# WHAT THE EXERCISE ASKS
Keep the pictures out. Restate the entries below word for word.

# INFORMATION PROVIDED
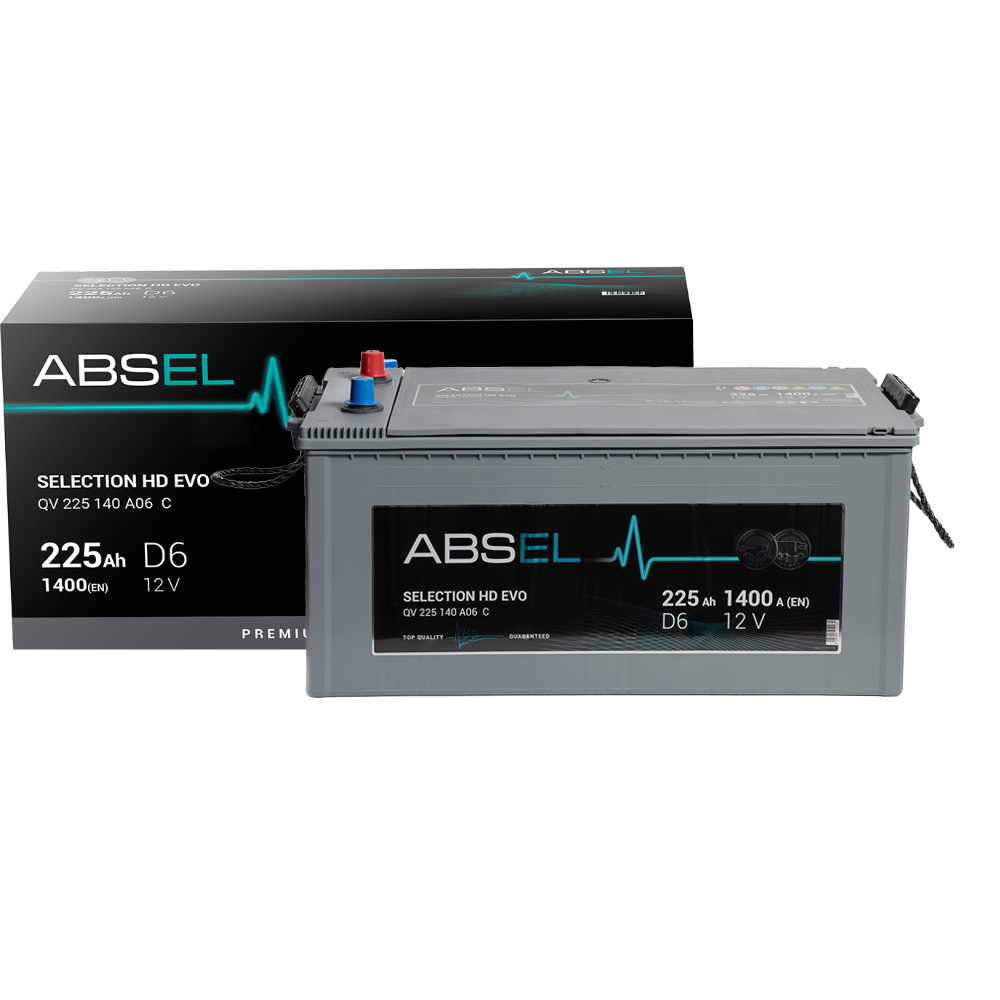 ABSEL SELECTION HD EVO, powered by advanced SLI technology, delivers maximum starting current for fast and reliable engine ignition, exceptional cold-weather performance, and 25% higher efficiency than standard batteries.
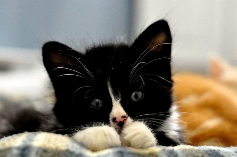 This is George one of the many foster kittens that Jill Hudgins from Frederiction SPCA (Canada) is caring for. Those little mittens match the color of his nose perfectly. What an adorable tuxedo boy.
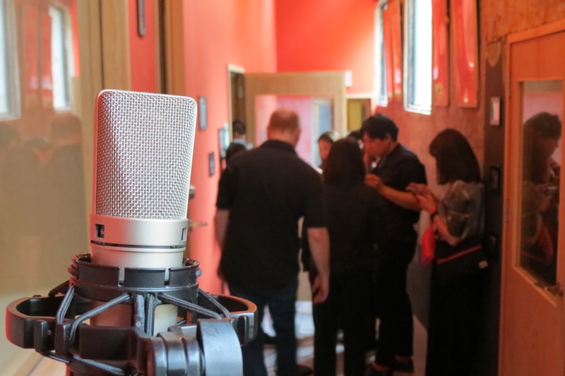 接近正式錄音/錄影時,合音歌手開始在 Control Room 以及 Recording Room 中間的走道集合,正當筆者納悶時,看到了置於走廊前、後的麥克風,這才發現, Andy 利用走廊空間來收錄合音,藉此達到最自然的 Reverb 效果。
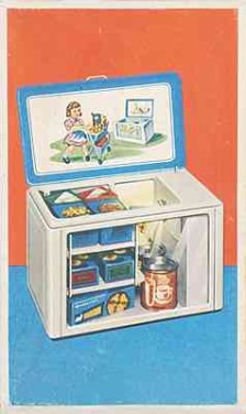 Gefriertruhen gehören zu dieser Zeit noch nicht zu dessen Grundausstattung und kommen vorwiegend gewerblich zum Einsatz. Dass ein entsprechendes Fuchs-Modell heute zu den größten Raritäten innerhalb dieses Sammelgebietes zählt, lässt darauf schließen, dass diesem Spielzeug deshalb trotz kindgerecht gestaltetem und ansprechendem Verkaufskarton kein großer Erfolg beschieden war. Bezeichnend auch, dass auf der Deckelillustration als Kühltruheninhalt nicht etwa fertig verpackte Tiefkühlwaren zu sehen sind – die es wohl schlicht und einfach noch gar nicht zu kaufen gab, sondern diverse Nudelgerichte der Firma Birkel…
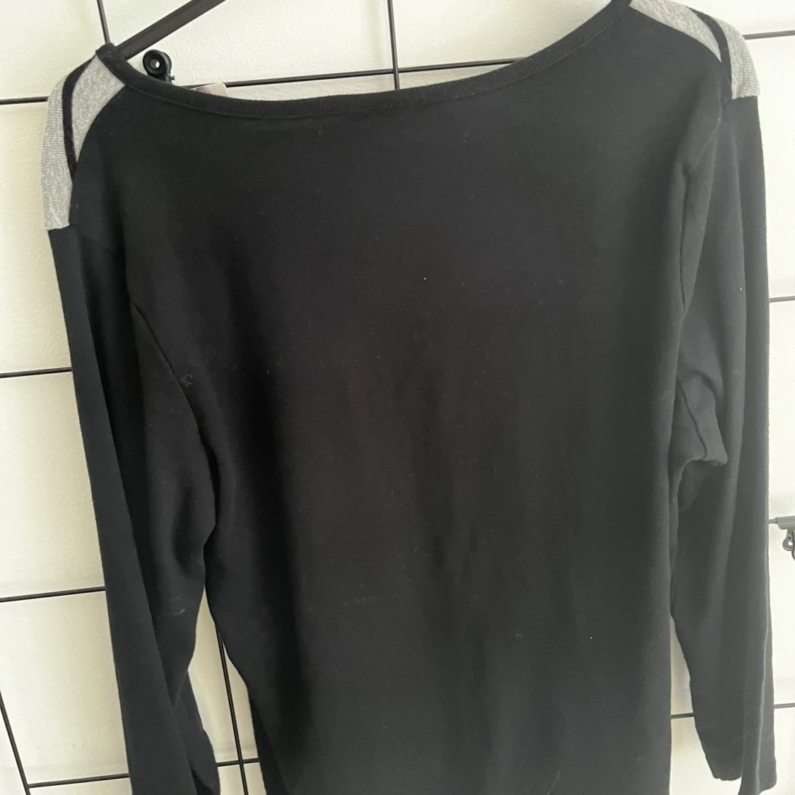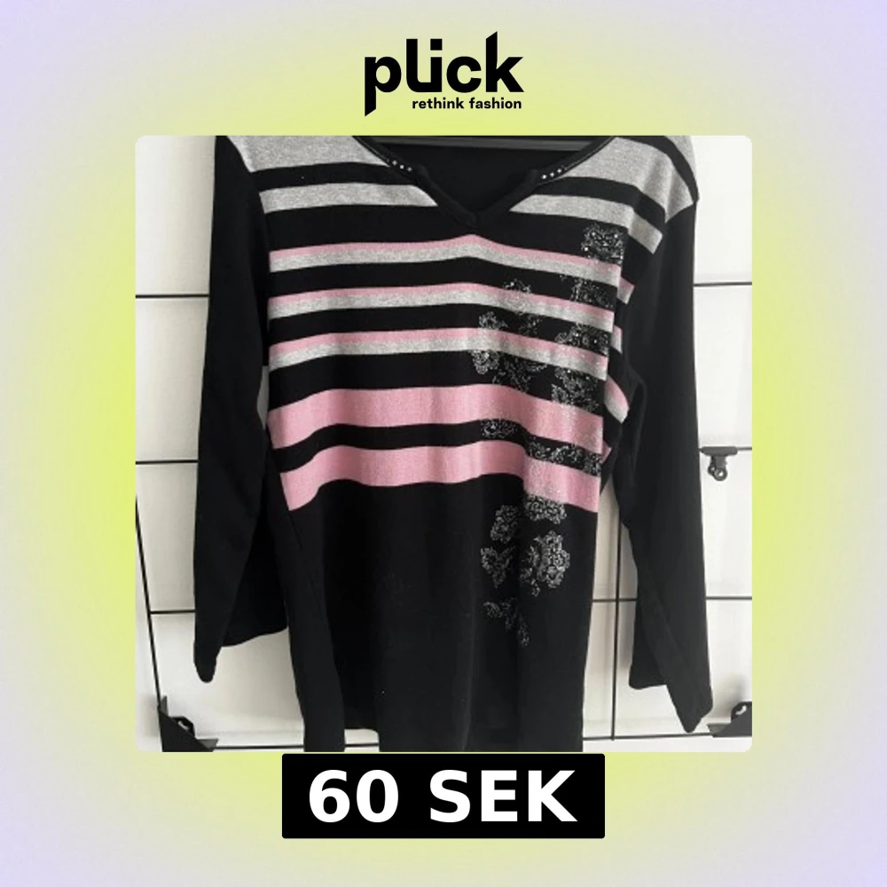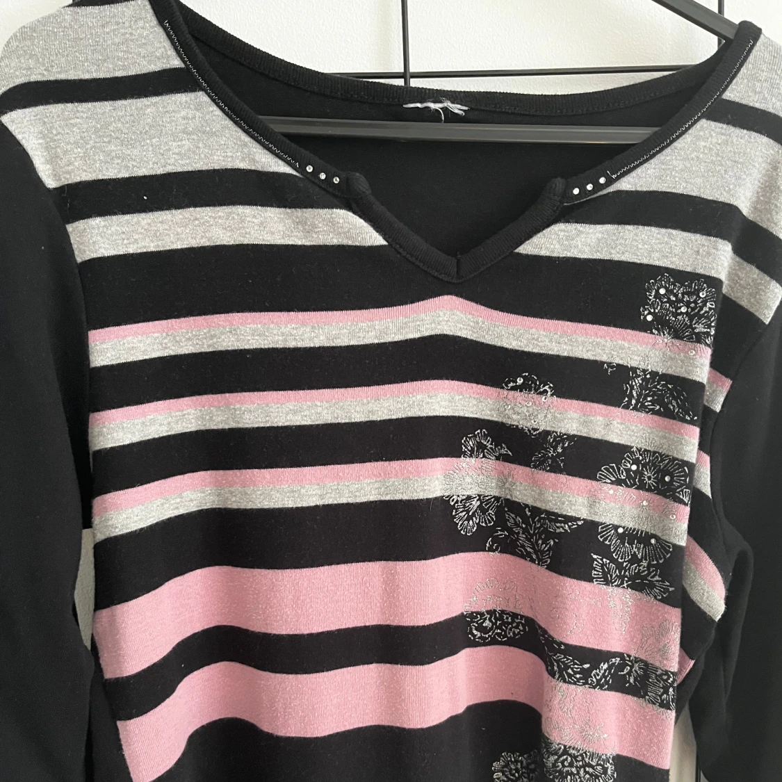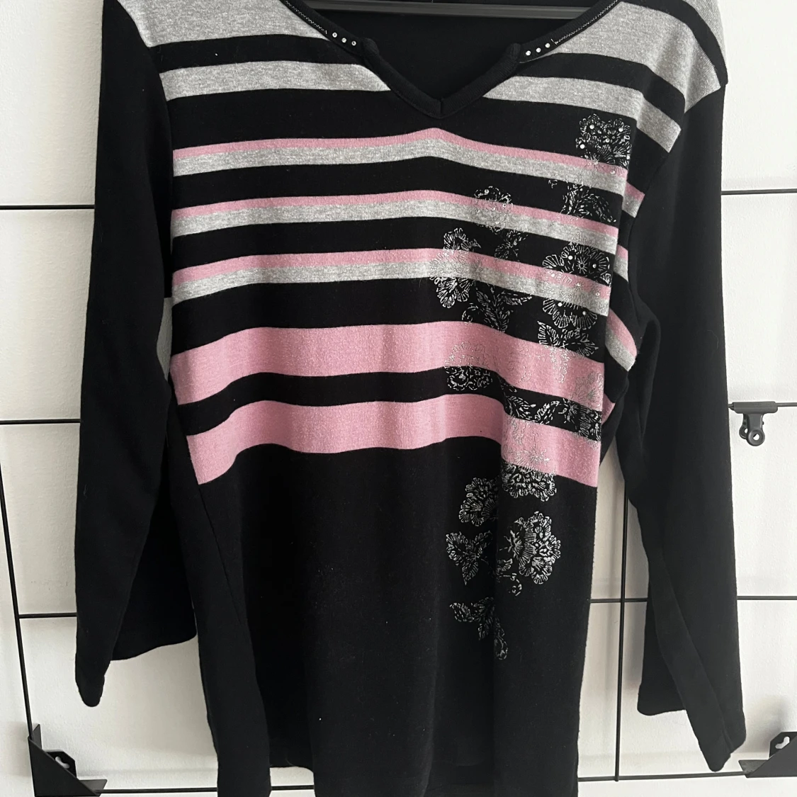 Svart långärmad tröja med v-ringning och små nitar vid halsen. Framsidan har grå och rosa ränder samt blommiga detaljer i silver. Tröjan har en mjuk känsla och är perfekt för dig som gillar en stilren men ändå lekfull look. Köpt på Vinted. Storlek M

# TASK SOLUTION
 ABSEL SELECTION HD EVO, powered by advanced SLI technology, delivers maximum starting current for fast and reliable engine ignition, exceptional cold-weather performance, and 25% higher efficiency than standard batteries.
 This is George one of the many foster kittens that Jill Hudgins from Frederiction SPCA (Canada) is caring for. Those little mittens match the color of his nose perfectly. What an adorable tuxedo boy.
 接近正式錄音/錄影時,合音歌手開始在 Control Room 以及 Recording Room 中間的走道集合,正當筆者納悶時,看到了置於走廊前、後的麥克風,這才發現, Andy 利用走廊空間來收錄合音,藉此達到最自然的 Reverb 效果。
 Gefriertruhen gehören zu dieser Zeit noch nicht zu dessen Grundausstattung und kommen vorwiegend gewerblich zum Einsatz. Dass ein entsprechendes Fuchs-Modell heute zu den größten Raritäten innerhalb dieses Sammelgebietes zählt, lässt darauf schließen, dass diesem Spielzeug deshalb trotz kindgerecht gestaltetem und ansprechendem Verkaufskarton kein großer Erfolg beschieden war. Bezeichnend auch, dass auf der Deckelillustration als Kühltruheninhalt nicht etwa fertig verpackte Tiefkühlwaren zu sehen sind – die es wohl schlicht und einfach noch gar nicht zu kaufen gab, sondern diverse Nudelgerichte der Firma Birkel…
 Svart långärmad tröja med v-ringning och små nitar vid halsen. Framsidan har grå och rosa ränder samt blommiga detaljer i silver. Tröjan har en mjuk känsla och är perfekt för dig som gillar en stilren men ändå lekfull look. Köpt på Vinted. Storlek M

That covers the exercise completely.